▶ _What is required_: Would you please repeat all of the data exactly, omitting the pictures?
------ Data to use
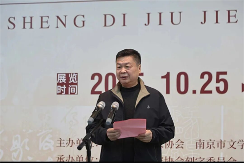 刘灿铭介绍展览情况并宣读获奖作者名单
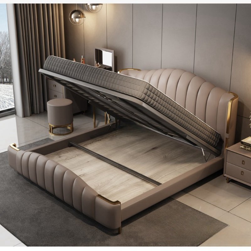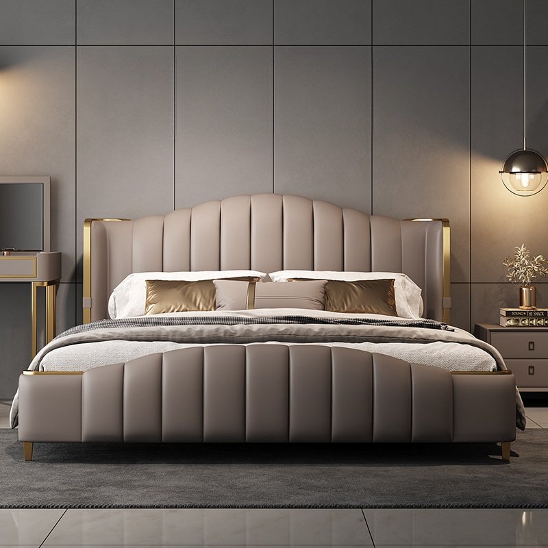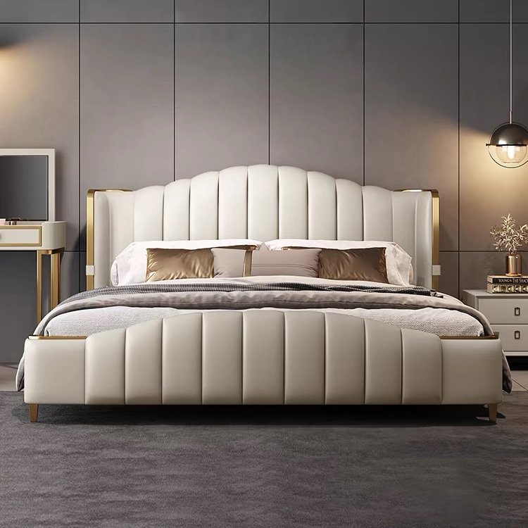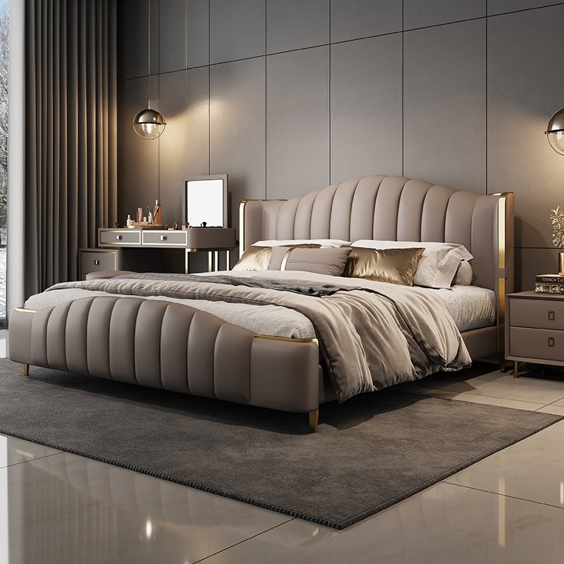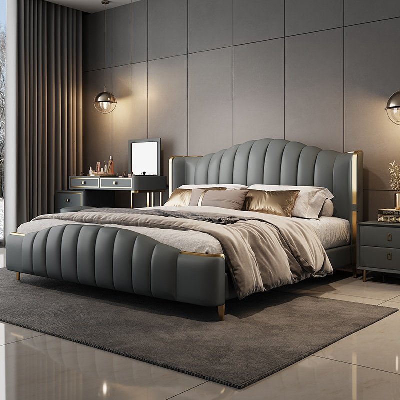 Its gracefully curved silhouette adds a soft, artistic touch, creating a statement of refined elegance that enhances any bedroom interior. The bed is elevated with titanium-plated accents, offering a sleek, modern finish that is resistant to corrosion, fading, and everyday wear, ensuring lasting beauty over time.
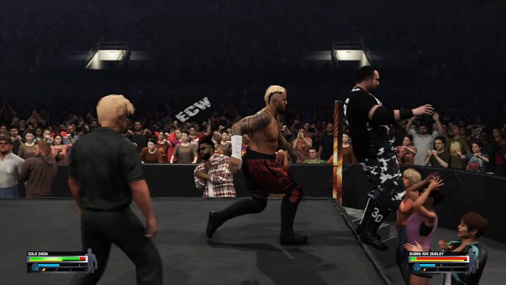 En matière de gameplay, les victoires ne peuvent être obtenues que par KO ou soumission. Ces affrontements ressemblent à des matchs sans disqualification, permettant de projeter les adversaires hors du ring sans obstruction. Bien que ce système soit agréable, il manque d’animations qui auraient pu enrichir l’expérience. La sensation brutale et MMA du Raw Underground semblait au cœur de son principe, mais ici, la représentation fait plus penser à un ancien match Lights Out.
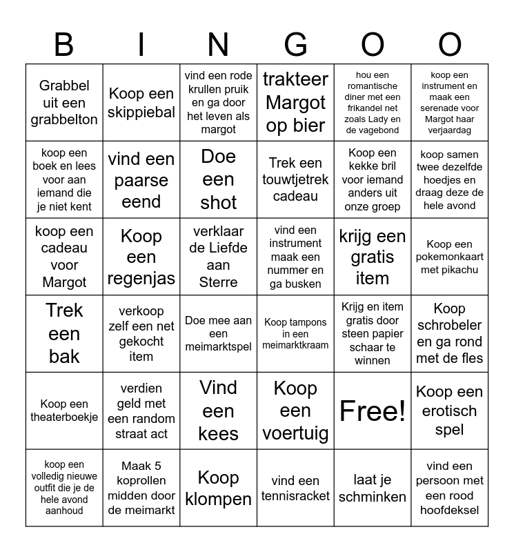 This bingo card has 37 words: Free!, Koop een voertuig, laat je schminken, koop een boek en lees voor aan iemand die je niet kent, verkoop zelf een net gekocht item, krijg een gratis item, vind een paarse eend, vind een tennisracket, hou een romantische diner met een frikandel net zoals Lady en de vagebond, koop een volledig nieuwe outfit die je de hele avond aanhoud, koop samen twee dezelfde hoedjes en draag deze de hele avond, trakteer Margot op bier, koop een cadeau voor Margot, verklaar de Liefde aan Sterre, koop een instrument en maak een serenade voor Margot haar verjaardag, vind een instrument maak een nummer en ga busken, verdien geld met een random straat act, vind een rode krullen pruik en ga door het leven als margot, Koop een pokemonkaart met pikachu, Koop een regenjas, Grabbel uit een grabbelton, Trek een touwtjetrek cadeau, Doe mee aan een meimarktspel, Krijg en item gratis door steen papier schaar te winnen, Maak 5 koprollen midden door de meimarkt, Koop schrobeler en ga rond met de fles, Koop een skippiebal, Koop klompen, Koop een erotisch spel, Vind een kees, Koop een item waar je uit kan drinken en drink hier de rest van de avond uit, Koop tampons in een meimarktkraam, Koop een kekke bril voor iemand anders uit onze groep, Koop een theaterboekje, Trek een bak, Doe een shot and vind een persoon met een rood hoofdeksel.
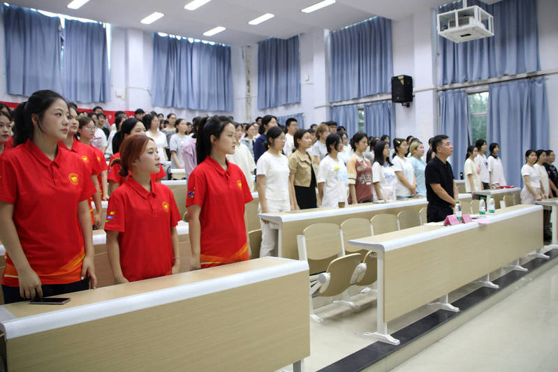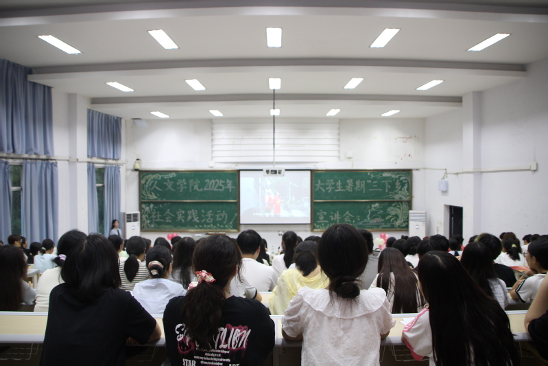 宣讲会在庄严的团歌声中拉开序幕。随后,全体参会人员集中观看了学院2025年大学生暑期“三下乡”社会实践活动成果视频,全面展示了“青语”理论宣讲团、“推普助力乡村振兴”志愿服务队的实践风采和实践成果。
------------
▶ _Solution_:
 刘灿铭介绍展览情况并宣读获奖作者名单
 Its gracefully curved silhouette adds a soft, artistic touch, creating a statement of refined elegance that enhances any bedroom interior. The bed is elevated with titanium-plated accents, offering a sleek, modern finish that is resistant to corrosion, fading, and everyday wear, ensuring lasting beauty over time.
 En matière de gameplay, les victoires ne peuvent être obtenues que par KO ou soumission. Ces affrontements ressemblent à des matchs sans disqualification, permettant de projeter les adversaires hors du ring sans obstruction. Bien que ce système soit agréable, il manque d’animations qui auraient pu enrichir l’expérience. La sensation brutale et MMA du Raw Underground semblait au cœur de son principe, mais ici, la représentation fait plus penser à un ancien match Lights Out.
 This bingo card has 37 words: Free!, Koop een voertuig, laat je schminken, koop een boek en lees voor aan iemand die je niet kent, verkoop zelf een net gekocht item, krijg een gratis item, vind een paarse eend, vind een tennisracket, hou een romantische diner met een frikandel net zoals Lady en de vagebond, koop een volledig nieuwe outfit die je de hele avond aanhoud, koop samen twee dezelfde hoedjes en draag deze de hele avond, trakteer Margot op bier, koop een cadeau voor Margot, verklaar de Liefde aan Sterre, koop een instrument en maak een serenade voor Margot haar verjaardag, vind een instrument maak een nummer en ga busken, verdien geld met een random straat act, vind een rode krullen pruik en ga door het leven als margot, Koop een pokemonkaart met pikachu, Koop een regenjas, Grabbel uit een grabbelton, Trek een touwtjetrek cadeau, Doe mee aan een meimarktspel, Krijg en item gratis door steen papier schaar te winnen, Maak 5 koprollen midden door de meimarkt, Koop schrobeler en ga rond met de fles, Koop een skippiebal, Koop klompen, Koop een erotisch spel, Vind een kees, Koop een item waar je uit kan drinken en drink hier de rest van de avond uit, Koop tampons in een meimarktkraam, Koop een kekke bril voor iemand anders uit onze groep, Koop een theaterboekje, Trek een bak, Doe een shot and vind een persoon met een rood hoofdeksel.
 宣讲会在庄严的团歌声中拉开序幕。随后,全体参会人员集中观看了学院2025年大学生暑期“三下乡”社会实践活动成果视频,全面展示了“青语”理论宣讲团、“推普助力乡村振兴”志愿服务队的实践风采和实践成果。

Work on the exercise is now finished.